*DATA SEGMENT:*
▬▬▬▬▬▬

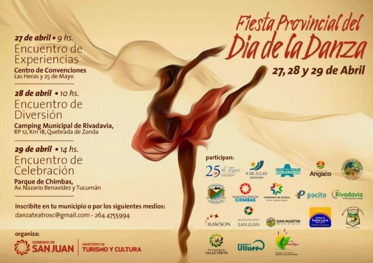 La Fiesta Provincial del Día de la Danza comenzará el viernes 27 y culminará el domingo 29 de abril con un mega evento a desarrollarse en el Parque de Chimbas. Durante estos días habrá diversas actividades, que incluirán capacitaciones y jornadas recreativas, todo libre y gratuito.
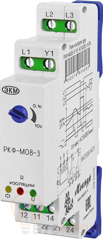 Реле контроля трехфазного линейного напряжения РКФ-М08-3-15 AC400В УХЛ4 аналог ЕЛ-13 с функцией контроля сопротивления изоляции задержка сраб. 0.1-10с ток контактов исполн. реле 8А 2п Меандр A8302-16935000
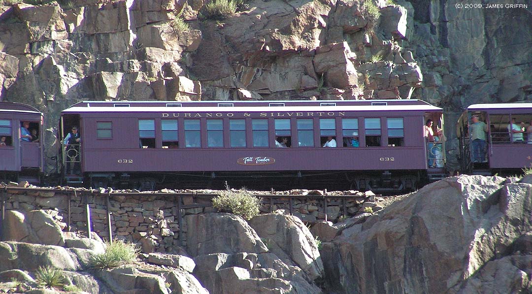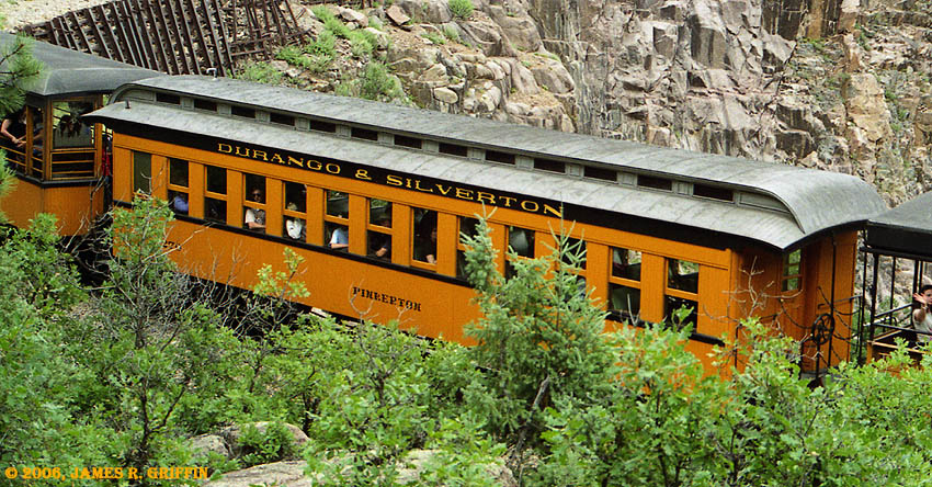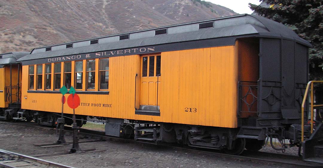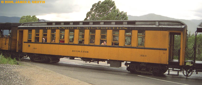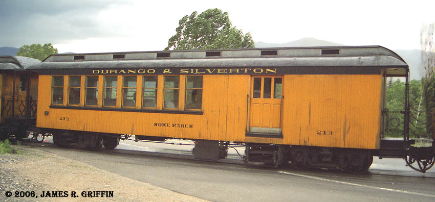 This car was built in 2006, but the design is based on the original car of the same name that ran dbetween 1947 and 1953, when it was tragically lost in a roundhouse fire in Alamosa. Note the flying lettering. |
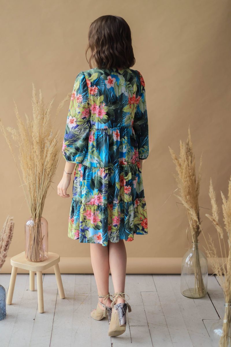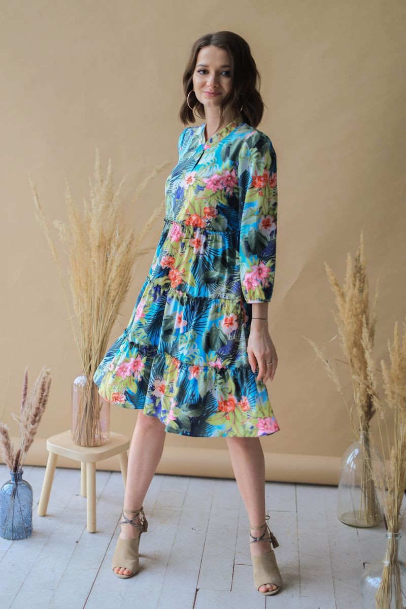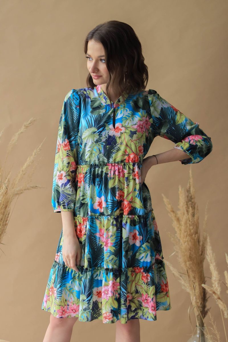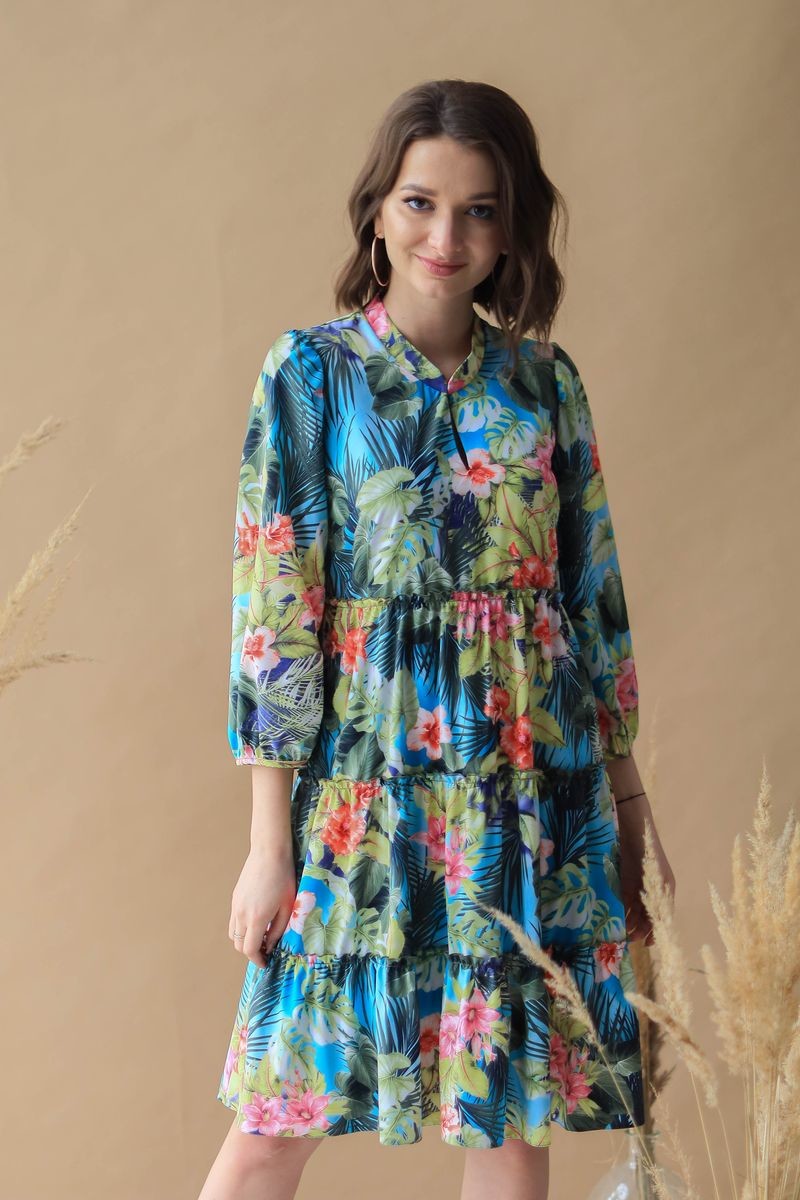Платье свободного силуэта, отрезное по талии. Юбка из трех воланов, на подкладке.

▬▬▬▬▬▬

*EXERCISE PROMPT:*
When you repeat the listing, keep it exact and leave the pictures behind.

*EXERCISE OUTPUT:*
 La Fiesta Provincial del Día de la Danza comenzará el viernes 27 y culminará el domingo 29 de abril con un mega evento a desarrollarse en el Parque de Chimbas. Durante estos días habrá diversas actividades, que incluirán capacitaciones y jornadas recreativas, todo libre y gratuito.
 Реле контроля трехфазного линейного напряжения РКФ-М08-3-15 AC400В УХЛ4 аналог ЕЛ-13 с функцией контроля сопротивления изоляции задержка сраб. 0.1-10с ток контактов исполн. реле 8А 2п Меандр A8302-16935000
 This car was built in 2006, but the design is based on the original car of the same name that ran dbetween 1947 and 1953, when it was tragically lost in a roundhouse fire in Alamosa. Note the flying lettering. |
Платье свободного силуэта, отрезное по талии. Юбка из трех воланов, на подкладке.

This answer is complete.